↓

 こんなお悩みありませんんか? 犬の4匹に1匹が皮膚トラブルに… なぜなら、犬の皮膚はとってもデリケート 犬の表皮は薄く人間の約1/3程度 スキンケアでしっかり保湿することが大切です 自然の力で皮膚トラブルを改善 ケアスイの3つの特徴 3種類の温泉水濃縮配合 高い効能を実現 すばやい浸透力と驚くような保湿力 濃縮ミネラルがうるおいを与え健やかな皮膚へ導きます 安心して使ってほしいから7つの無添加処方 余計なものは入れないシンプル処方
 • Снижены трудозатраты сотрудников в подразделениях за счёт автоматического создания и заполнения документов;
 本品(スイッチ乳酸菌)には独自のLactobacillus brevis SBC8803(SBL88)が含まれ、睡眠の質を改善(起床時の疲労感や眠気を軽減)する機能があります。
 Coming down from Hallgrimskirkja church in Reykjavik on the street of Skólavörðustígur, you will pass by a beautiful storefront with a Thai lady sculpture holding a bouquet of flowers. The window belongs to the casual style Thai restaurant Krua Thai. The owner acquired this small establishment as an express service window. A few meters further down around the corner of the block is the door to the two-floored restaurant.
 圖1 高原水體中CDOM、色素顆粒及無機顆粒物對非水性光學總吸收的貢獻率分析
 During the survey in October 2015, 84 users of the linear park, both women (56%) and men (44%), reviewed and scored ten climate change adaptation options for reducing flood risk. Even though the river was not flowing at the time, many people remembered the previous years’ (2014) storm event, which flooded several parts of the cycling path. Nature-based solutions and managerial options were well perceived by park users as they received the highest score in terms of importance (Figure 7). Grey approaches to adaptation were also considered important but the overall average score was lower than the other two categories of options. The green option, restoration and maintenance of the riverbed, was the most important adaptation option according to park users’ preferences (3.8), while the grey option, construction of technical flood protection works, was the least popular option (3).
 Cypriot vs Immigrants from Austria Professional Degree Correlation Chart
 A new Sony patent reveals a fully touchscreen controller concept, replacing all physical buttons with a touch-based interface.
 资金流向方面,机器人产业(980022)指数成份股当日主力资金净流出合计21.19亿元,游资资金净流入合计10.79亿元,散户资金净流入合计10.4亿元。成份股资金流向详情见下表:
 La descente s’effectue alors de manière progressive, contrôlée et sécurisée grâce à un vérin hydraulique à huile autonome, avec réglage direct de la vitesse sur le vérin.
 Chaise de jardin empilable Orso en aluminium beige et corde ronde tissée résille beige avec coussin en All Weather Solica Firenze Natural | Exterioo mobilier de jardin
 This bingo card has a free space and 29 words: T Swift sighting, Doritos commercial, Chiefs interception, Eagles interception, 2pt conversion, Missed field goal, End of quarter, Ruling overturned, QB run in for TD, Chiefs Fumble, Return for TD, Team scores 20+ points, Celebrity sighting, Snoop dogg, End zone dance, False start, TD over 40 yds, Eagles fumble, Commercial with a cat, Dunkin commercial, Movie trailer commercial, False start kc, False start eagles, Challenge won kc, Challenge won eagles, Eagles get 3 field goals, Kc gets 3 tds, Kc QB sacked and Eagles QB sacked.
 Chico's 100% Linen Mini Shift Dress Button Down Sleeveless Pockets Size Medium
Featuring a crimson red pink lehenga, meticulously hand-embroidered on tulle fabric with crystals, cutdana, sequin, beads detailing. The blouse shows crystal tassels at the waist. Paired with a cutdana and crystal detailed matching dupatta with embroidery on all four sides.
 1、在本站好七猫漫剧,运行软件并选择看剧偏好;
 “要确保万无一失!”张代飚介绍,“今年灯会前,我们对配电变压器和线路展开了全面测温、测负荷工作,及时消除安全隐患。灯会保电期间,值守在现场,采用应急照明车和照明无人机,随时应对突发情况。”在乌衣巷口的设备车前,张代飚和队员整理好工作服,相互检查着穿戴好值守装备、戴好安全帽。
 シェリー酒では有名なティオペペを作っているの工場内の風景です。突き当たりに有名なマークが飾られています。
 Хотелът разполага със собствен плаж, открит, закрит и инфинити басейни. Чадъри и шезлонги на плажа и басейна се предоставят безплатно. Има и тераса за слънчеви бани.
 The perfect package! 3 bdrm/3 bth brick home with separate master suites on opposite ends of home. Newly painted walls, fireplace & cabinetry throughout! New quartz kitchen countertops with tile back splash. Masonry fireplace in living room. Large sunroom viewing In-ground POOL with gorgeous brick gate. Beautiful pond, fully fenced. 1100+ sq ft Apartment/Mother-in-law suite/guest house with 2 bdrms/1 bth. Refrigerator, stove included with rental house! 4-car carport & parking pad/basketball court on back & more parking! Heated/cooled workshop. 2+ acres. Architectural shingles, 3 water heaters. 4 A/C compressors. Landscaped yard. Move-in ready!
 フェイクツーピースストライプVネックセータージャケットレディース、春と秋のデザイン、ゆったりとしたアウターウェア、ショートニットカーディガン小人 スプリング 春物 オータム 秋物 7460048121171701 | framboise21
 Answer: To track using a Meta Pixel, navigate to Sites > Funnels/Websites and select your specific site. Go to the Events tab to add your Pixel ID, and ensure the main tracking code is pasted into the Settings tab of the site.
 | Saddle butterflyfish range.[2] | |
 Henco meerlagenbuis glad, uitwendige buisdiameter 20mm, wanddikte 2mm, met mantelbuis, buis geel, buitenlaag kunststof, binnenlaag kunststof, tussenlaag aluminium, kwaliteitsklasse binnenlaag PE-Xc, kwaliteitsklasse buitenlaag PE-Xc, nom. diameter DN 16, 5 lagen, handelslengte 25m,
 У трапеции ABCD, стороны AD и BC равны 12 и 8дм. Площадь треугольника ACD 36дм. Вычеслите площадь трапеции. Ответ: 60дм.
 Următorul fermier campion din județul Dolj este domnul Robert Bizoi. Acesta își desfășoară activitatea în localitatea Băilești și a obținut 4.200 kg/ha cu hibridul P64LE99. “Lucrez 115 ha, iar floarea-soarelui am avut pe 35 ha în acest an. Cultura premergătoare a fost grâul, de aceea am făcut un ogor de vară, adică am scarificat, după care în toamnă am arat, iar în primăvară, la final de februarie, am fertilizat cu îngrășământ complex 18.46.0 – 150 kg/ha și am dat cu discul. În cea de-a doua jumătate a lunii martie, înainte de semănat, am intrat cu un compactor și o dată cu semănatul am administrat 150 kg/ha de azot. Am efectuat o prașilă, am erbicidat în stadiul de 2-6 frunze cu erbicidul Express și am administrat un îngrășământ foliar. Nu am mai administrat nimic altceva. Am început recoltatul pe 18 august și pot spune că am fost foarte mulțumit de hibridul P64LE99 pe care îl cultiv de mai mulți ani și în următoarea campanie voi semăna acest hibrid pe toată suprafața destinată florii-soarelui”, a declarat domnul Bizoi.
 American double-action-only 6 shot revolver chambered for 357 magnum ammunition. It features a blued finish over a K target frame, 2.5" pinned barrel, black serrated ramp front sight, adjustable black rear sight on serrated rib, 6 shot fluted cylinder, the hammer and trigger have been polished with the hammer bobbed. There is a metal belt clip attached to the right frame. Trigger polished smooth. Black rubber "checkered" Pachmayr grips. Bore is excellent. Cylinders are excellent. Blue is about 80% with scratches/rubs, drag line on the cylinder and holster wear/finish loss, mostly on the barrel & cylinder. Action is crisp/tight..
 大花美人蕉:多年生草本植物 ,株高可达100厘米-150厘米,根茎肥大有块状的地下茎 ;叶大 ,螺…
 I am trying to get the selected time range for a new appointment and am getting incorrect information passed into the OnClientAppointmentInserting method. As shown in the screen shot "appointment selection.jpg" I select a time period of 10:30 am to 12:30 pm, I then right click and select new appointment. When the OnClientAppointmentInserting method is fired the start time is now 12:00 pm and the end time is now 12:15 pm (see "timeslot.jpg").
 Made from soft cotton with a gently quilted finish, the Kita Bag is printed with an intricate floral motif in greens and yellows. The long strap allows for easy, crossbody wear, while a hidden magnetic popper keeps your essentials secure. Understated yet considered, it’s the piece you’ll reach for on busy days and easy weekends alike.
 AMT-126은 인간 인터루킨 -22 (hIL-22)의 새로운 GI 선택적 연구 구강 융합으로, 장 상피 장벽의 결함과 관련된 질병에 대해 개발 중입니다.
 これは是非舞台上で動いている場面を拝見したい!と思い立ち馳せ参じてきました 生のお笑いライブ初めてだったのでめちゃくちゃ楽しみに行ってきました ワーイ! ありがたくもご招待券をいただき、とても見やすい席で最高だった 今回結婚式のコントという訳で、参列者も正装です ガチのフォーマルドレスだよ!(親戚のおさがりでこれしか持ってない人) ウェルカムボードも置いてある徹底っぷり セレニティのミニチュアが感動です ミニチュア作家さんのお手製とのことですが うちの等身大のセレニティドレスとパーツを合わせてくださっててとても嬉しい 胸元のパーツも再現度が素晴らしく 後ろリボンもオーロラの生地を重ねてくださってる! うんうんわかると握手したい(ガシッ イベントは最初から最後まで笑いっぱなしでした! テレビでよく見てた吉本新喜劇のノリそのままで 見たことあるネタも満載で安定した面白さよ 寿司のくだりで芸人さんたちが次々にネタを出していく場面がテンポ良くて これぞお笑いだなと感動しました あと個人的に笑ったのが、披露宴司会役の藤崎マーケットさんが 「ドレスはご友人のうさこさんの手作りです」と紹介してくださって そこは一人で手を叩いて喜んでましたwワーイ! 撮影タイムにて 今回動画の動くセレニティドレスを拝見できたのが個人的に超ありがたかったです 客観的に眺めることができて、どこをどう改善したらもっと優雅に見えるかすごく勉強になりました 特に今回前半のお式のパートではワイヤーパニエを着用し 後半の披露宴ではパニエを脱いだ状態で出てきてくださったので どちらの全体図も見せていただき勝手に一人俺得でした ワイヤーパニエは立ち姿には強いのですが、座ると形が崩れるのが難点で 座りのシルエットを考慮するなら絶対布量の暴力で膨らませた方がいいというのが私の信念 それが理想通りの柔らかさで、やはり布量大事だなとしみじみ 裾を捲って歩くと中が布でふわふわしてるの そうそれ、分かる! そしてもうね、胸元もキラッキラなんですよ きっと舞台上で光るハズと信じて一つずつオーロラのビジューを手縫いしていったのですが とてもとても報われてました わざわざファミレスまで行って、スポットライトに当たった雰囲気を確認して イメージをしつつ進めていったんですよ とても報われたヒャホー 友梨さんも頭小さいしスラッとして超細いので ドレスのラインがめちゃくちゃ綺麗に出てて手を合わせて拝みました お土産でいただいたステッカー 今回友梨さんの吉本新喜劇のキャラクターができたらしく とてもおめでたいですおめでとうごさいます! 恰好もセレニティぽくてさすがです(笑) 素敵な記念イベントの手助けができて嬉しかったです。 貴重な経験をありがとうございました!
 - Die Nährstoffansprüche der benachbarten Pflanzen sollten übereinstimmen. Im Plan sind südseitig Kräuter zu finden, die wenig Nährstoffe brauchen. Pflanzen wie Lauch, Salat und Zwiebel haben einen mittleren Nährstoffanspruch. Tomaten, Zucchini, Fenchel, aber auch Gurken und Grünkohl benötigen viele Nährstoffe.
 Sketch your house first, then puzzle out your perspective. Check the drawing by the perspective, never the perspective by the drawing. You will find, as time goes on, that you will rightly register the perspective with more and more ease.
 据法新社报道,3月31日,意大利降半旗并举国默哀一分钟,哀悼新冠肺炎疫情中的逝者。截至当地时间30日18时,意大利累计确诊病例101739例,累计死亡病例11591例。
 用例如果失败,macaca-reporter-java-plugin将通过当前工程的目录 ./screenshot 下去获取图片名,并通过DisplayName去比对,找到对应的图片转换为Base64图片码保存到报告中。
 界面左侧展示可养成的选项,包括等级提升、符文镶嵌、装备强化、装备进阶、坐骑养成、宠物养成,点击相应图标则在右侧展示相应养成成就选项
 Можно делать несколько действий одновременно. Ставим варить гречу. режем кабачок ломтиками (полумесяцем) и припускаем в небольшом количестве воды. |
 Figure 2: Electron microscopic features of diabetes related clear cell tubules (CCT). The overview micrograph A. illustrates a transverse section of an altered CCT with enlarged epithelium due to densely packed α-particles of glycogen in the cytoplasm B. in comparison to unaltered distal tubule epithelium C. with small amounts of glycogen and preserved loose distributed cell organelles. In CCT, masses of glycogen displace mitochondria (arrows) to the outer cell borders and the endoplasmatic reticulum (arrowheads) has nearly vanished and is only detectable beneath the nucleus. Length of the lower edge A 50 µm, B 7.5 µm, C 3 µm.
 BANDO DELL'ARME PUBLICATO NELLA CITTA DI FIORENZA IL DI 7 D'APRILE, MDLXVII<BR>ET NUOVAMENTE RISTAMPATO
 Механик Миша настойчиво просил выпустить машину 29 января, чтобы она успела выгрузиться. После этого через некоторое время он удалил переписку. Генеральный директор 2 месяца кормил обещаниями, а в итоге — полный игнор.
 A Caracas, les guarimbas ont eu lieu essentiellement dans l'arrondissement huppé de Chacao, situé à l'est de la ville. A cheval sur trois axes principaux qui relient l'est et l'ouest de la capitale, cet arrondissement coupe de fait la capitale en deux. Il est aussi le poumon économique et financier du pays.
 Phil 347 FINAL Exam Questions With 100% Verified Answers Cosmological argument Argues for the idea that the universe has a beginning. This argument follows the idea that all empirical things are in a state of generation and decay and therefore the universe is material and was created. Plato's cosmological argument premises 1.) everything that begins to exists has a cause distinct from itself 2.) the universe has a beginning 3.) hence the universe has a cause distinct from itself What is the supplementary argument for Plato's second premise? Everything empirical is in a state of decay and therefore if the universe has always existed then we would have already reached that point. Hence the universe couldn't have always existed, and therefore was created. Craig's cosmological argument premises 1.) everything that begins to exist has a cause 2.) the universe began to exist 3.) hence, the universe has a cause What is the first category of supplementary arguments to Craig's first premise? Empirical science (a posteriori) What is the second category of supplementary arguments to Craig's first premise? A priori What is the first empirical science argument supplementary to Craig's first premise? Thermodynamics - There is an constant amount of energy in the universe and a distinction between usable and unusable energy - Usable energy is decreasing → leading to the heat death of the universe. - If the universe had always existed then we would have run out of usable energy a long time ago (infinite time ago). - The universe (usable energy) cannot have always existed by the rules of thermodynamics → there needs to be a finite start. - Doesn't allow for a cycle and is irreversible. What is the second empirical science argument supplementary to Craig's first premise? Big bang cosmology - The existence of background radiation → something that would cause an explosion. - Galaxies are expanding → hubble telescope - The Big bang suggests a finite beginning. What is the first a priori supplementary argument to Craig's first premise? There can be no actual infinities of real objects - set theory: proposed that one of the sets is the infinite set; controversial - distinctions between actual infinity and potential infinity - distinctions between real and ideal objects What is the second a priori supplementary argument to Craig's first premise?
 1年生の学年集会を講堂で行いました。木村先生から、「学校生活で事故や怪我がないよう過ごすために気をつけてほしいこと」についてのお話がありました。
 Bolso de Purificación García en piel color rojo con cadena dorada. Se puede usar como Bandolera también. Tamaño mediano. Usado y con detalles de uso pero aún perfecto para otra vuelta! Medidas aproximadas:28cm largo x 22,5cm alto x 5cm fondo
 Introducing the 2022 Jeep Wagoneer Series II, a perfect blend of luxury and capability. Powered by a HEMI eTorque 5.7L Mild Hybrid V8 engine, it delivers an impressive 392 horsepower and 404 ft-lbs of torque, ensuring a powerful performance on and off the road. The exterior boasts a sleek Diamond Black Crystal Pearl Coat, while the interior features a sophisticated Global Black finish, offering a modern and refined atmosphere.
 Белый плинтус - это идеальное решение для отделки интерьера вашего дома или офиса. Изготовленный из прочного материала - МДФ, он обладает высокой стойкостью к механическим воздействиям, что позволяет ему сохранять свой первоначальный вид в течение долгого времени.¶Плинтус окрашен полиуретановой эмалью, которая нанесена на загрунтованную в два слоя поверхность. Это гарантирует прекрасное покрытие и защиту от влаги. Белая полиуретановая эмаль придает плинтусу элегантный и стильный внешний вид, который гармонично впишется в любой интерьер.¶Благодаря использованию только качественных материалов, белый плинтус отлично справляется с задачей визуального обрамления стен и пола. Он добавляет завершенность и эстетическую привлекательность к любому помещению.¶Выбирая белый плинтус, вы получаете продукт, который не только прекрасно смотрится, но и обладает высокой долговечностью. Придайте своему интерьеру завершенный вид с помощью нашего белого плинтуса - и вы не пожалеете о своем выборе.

↑

What you will do = Only the lines above from the one with "Henco meerlagenbuis glad, uitwendige" through the one with "У трапеции ABCD, стороны" should be duplicated, character for character.

Your solution =
 Henco meerlagenbuis glad, uitwendige buisdiameter 20mm, wanddikte 2mm, met mantelbuis, buis geel, buitenlaag kunststof, binnenlaag kunststof, tussenlaag aluminium, kwaliteitsklasse binnenlaag PE-Xc, kwaliteitsklasse buitenlaag PE-Xc, nom. diameter DN 16, 5 lagen, handelslengte 25m,
 У трапеции ABCD, стороны AD и BC равны 12 и 8дм. Площадь треугольника ACD 36дм. Вычеслите площадь трапеции. Ответ: 60дм.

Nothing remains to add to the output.